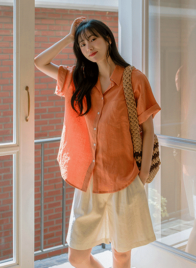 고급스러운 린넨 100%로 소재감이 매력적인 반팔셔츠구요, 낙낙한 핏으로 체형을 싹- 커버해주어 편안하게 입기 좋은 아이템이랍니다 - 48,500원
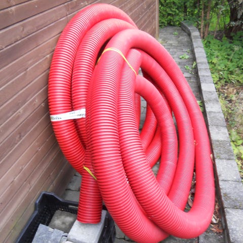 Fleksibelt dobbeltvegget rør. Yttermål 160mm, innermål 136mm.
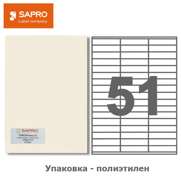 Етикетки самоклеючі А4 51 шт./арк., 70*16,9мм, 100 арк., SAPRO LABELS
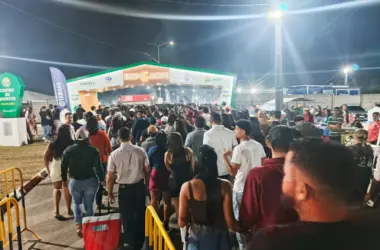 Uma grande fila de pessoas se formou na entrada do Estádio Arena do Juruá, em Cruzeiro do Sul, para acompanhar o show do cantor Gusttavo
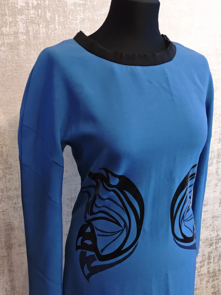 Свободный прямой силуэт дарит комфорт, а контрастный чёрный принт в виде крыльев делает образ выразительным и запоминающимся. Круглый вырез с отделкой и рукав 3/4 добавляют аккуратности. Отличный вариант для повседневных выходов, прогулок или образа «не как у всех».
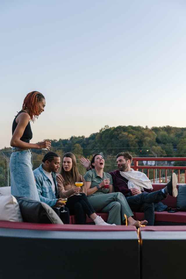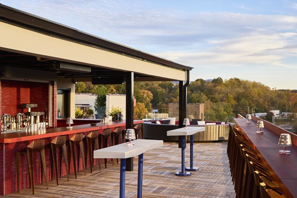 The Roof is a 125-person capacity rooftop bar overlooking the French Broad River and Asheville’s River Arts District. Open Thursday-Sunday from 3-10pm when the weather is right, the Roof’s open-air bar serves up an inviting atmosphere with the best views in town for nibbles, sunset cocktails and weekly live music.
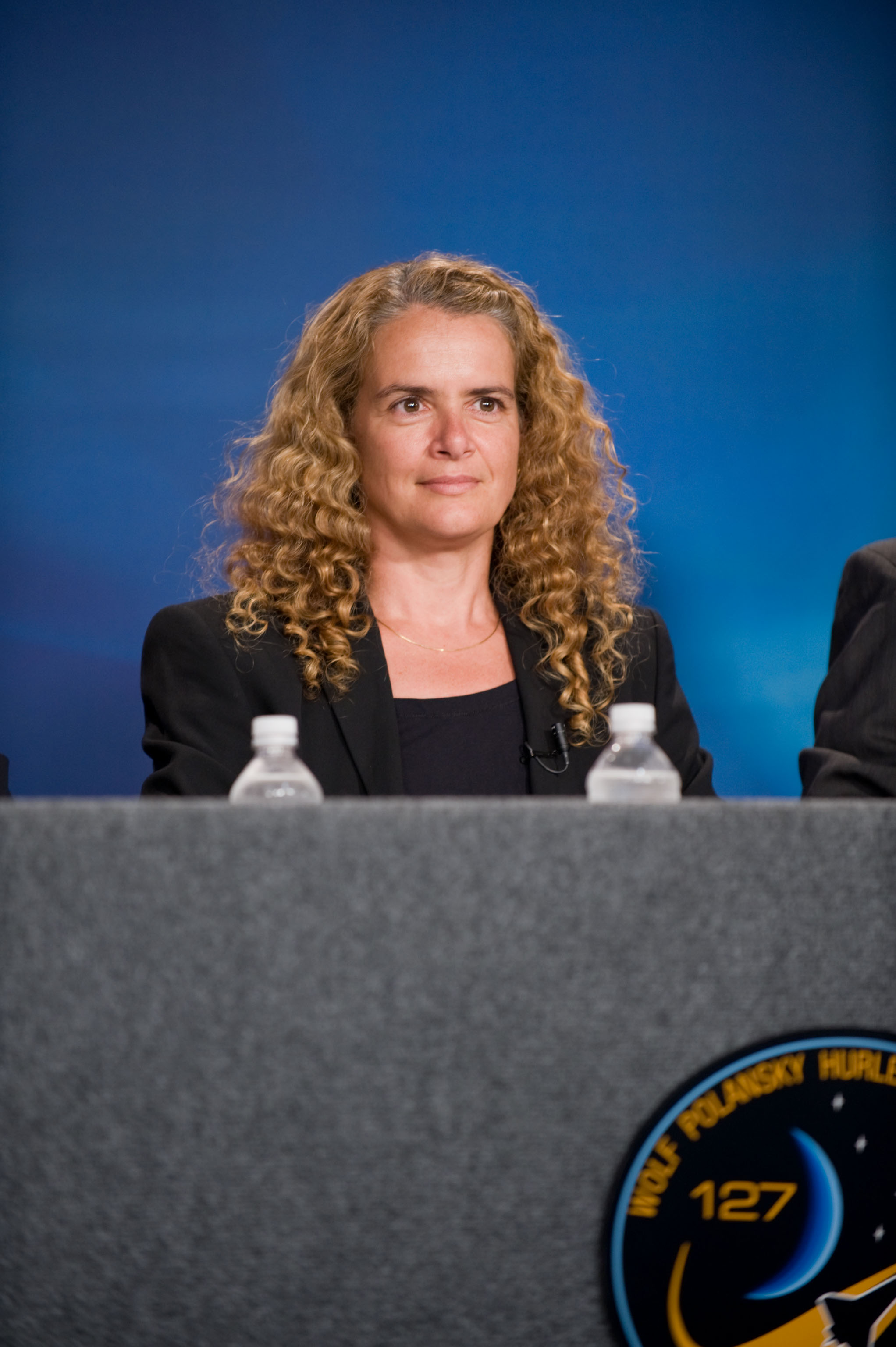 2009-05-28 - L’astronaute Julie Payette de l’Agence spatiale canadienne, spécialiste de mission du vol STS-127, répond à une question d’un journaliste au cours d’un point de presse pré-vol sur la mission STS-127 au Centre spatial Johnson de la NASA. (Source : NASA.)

* * * *

Return verbatim every line from the one holding "Етикетки самоклеючі А4" to the end of the records above. Do not copy the pictures.

■ **RESPONSE**
 Етикетки самоклеючі А4 51 шт./арк., 70*16,9мм, 100 арк., SAPRO LABELS
 Uma grande fila de pessoas se formou na entrada do Estádio Arena do Juruá, em Cruzeiro do Sul, para acompanhar o show do cantor Gusttavo
 Свободный прямой силуэт дарит комфорт, а контрастный чёрный принт в виде крыльев делает образ выразительным и запоминающимся. Круглый вырез с отделкой и рукав 3/4 добавляют аккуратности. Отличный вариант для повседневных выходов, прогулок или образа «не как у всех».
 The Roof is a 125-person capacity rooftop bar overlooking the French Broad River and Asheville’s River Arts District. Open Thursday-Sunday from 3-10pm when the weather is right, the Roof’s open-air bar serves up an inviting atmosphere with the best views in town for nibbles, sunset cocktails and weekly live music.
 2009-05-28 - L’astronaute Julie Payette de l’Agence spatiale canadienne, spécialiste de mission du vol STS-127, répond à une question d’un journaliste au cours d’un point de presse pré-vol sur la mission STS-127 au Centre spatial Johnson de la NASA. (Source : NASA.)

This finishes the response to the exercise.